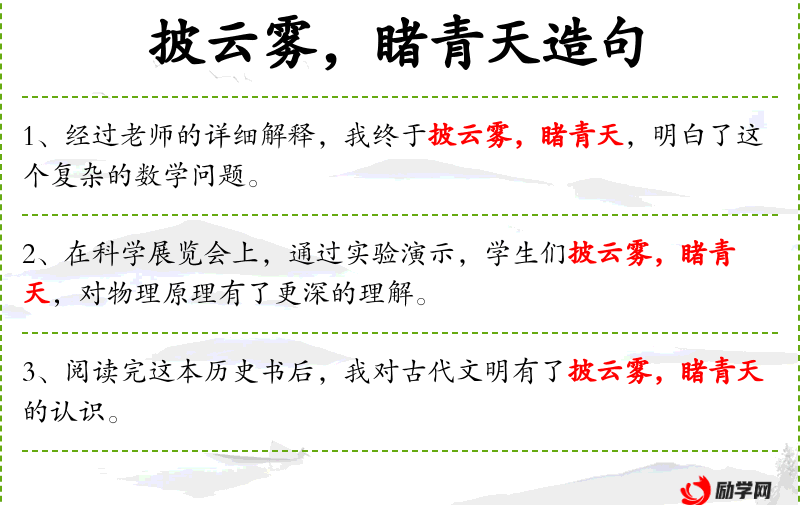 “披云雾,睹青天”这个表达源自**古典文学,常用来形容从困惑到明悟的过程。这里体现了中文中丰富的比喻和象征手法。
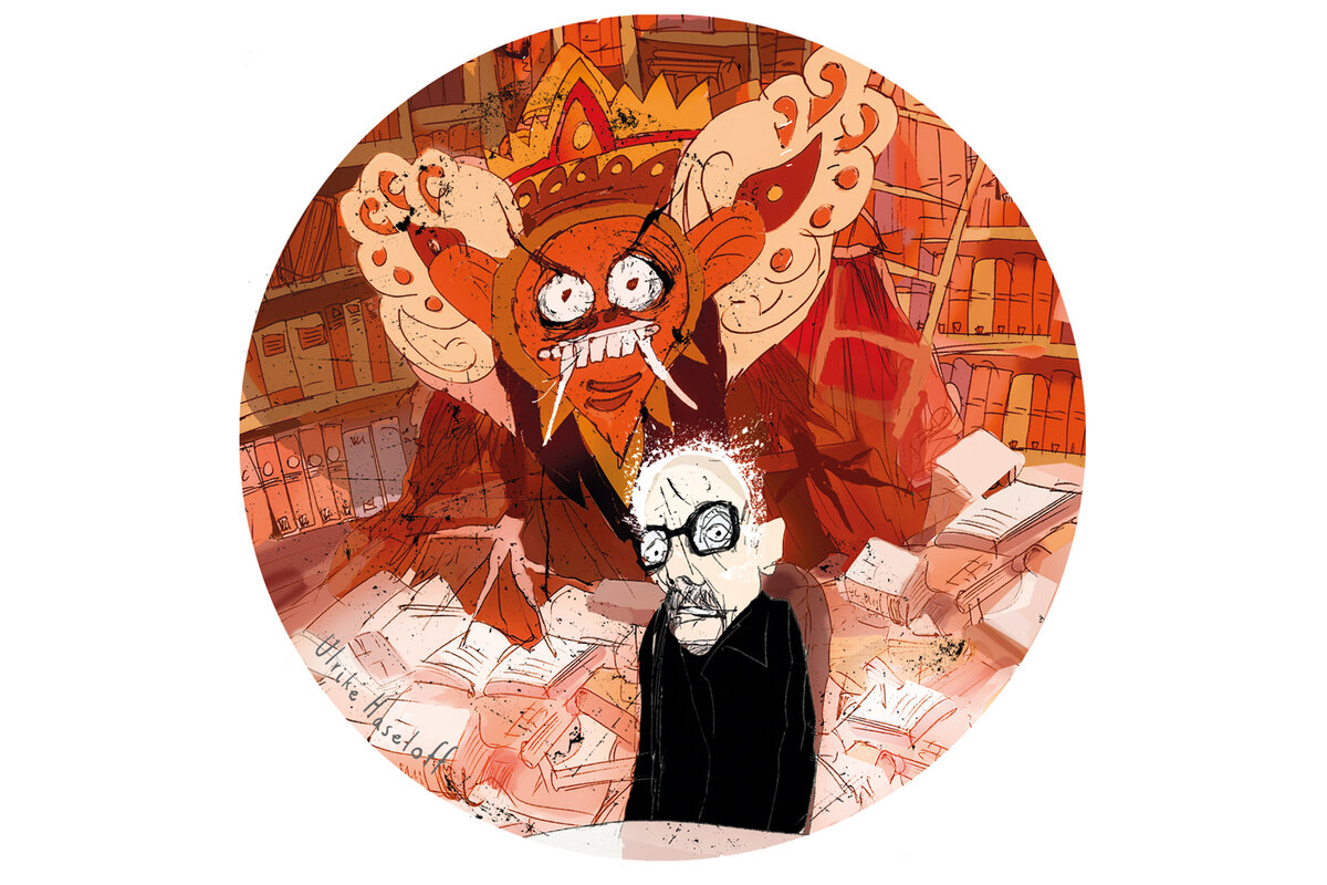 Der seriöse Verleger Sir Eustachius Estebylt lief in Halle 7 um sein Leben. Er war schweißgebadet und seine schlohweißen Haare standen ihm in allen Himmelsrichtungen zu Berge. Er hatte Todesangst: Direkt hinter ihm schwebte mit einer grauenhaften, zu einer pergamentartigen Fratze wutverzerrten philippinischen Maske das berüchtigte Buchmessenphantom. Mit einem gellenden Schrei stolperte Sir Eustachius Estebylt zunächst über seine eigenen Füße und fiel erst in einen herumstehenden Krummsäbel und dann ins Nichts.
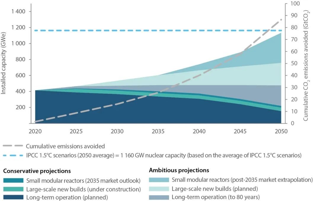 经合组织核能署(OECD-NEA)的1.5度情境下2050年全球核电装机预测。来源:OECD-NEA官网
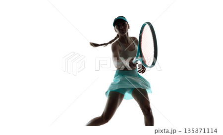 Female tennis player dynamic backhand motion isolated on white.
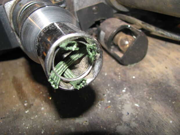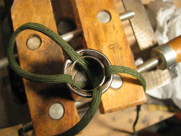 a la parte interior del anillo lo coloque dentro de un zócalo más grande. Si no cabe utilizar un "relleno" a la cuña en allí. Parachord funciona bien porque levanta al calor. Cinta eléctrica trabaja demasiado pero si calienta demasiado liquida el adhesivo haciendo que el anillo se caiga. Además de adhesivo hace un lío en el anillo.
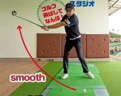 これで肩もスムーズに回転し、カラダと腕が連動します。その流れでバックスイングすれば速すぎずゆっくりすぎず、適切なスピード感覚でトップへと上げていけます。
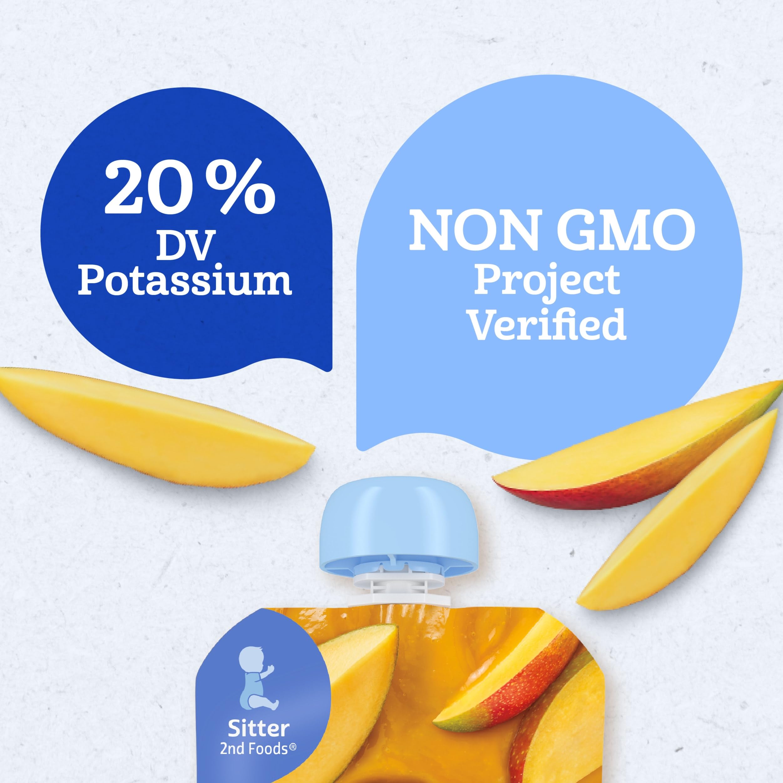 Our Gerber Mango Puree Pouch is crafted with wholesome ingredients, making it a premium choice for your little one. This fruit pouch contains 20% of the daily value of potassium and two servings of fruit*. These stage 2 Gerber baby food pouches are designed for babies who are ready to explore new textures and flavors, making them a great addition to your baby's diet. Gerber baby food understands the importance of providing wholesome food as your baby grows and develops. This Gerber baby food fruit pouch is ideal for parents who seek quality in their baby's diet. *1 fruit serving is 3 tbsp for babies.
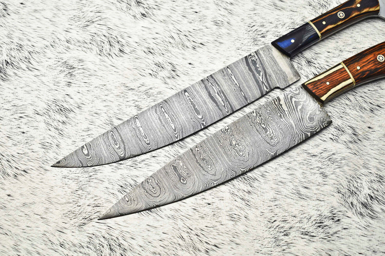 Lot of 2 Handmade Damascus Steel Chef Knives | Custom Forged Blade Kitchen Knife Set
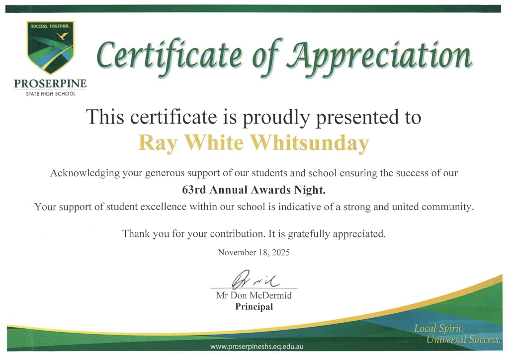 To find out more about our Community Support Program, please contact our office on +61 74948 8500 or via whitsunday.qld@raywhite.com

########################################

_TASK PROMPT_.
Everything above from the line containing "Der seriöse Verleger" down to the line containing "经合组织核能署(OECD-N" is to be duplicated exactly, both lines included, and the pictures are to be omitted.

_EXERCISE RESPONSE_.
 Der seriöse Verleger Sir Eustachius Estebylt lief in Halle 7 um sein Leben. Er war schweißgebadet und seine schlohweißen Haare standen ihm in allen Himmelsrichtungen zu Berge. Er hatte Todesangst: Direkt hinter ihm schwebte mit einer grauenhaften, zu einer pergamentartigen Fratze wutverzerrten philippinischen Maske das berüchtigte Buchmessenphantom. Mit einem gellenden Schrei stolperte Sir Eustachius Estebylt zunächst über seine eigenen Füße und fiel erst in einen herumstehenden Krummsäbel und dann ins Nichts.
 经合组织核能署(OECD-NEA)的1.5度情境下2050年全球核电装机预测。来源:OECD-NEA官网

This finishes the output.